About this exercise: Print every line of the listing below, starting with the line that holds "清透的玻璃和充滿生機(jī)" and going on through the line that holds "I should feel", both included, and print nothing else.

Extracted information:

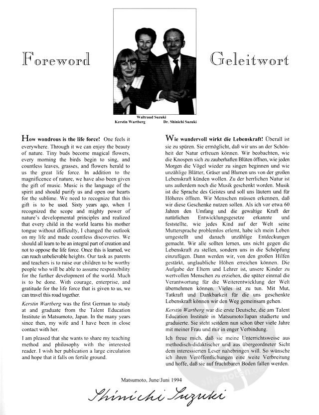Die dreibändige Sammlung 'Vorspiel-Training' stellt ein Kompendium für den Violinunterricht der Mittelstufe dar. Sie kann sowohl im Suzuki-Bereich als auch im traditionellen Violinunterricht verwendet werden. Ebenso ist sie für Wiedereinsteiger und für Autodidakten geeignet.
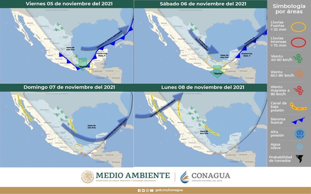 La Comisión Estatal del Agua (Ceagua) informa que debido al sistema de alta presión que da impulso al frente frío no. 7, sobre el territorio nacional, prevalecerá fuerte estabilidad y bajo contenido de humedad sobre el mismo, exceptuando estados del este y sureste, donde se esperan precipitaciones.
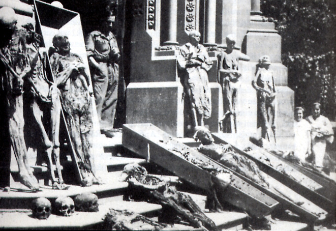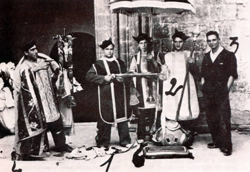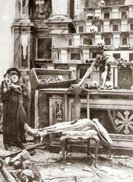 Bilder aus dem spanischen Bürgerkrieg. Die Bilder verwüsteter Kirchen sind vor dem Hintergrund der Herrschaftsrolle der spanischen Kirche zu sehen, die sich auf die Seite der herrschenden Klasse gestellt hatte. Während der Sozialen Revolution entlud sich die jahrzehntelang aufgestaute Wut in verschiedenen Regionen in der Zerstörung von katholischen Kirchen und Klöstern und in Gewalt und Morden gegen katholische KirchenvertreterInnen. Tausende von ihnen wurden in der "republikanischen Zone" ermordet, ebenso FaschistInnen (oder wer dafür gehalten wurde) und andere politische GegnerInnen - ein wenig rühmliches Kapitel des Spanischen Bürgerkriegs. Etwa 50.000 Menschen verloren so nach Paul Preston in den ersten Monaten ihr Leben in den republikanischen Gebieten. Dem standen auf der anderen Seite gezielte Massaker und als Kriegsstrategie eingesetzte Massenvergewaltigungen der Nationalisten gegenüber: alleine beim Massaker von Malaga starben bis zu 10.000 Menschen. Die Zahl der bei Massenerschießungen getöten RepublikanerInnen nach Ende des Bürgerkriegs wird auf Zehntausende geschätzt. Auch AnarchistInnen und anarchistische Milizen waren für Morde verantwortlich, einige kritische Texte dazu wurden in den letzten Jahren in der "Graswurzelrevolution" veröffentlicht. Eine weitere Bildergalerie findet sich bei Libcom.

==

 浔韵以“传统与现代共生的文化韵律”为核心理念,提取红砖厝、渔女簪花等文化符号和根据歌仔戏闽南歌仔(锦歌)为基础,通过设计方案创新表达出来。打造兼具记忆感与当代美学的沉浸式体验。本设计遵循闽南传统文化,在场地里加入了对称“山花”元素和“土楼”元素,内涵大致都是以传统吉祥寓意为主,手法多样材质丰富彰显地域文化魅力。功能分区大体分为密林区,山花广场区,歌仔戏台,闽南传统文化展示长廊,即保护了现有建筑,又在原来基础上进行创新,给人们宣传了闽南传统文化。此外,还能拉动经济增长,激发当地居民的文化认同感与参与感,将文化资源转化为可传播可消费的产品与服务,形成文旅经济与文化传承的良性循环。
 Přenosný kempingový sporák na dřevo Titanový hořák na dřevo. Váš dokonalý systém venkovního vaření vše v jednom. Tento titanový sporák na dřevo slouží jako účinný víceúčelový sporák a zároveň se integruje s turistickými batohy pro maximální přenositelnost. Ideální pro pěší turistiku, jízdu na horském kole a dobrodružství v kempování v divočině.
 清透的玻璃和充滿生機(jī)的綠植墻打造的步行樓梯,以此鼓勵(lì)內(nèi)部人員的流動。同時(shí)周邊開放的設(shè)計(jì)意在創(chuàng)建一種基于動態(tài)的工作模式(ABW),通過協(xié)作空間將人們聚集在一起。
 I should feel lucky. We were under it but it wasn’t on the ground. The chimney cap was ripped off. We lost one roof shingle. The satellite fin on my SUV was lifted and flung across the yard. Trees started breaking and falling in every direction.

Exercise response:
 清透的玻璃和充滿生機(jī)的綠植墻打造的步行樓梯,以此鼓勵(lì)內(nèi)部人員的流動。同時(shí)周邊開放的設(shè)計(jì)意在創(chuàng)建一種基于動態(tài)的工作模式(ABW),通過協(xié)作空間將人們聚集在一起。
 I should feel lucky. We were under it but it wasn’t on the ground. The chimney cap was ripped off. We lost one roof shingle. The satellite fin on my SUV was lifted and flung across the yard. Trees started breaking and falling in every direction.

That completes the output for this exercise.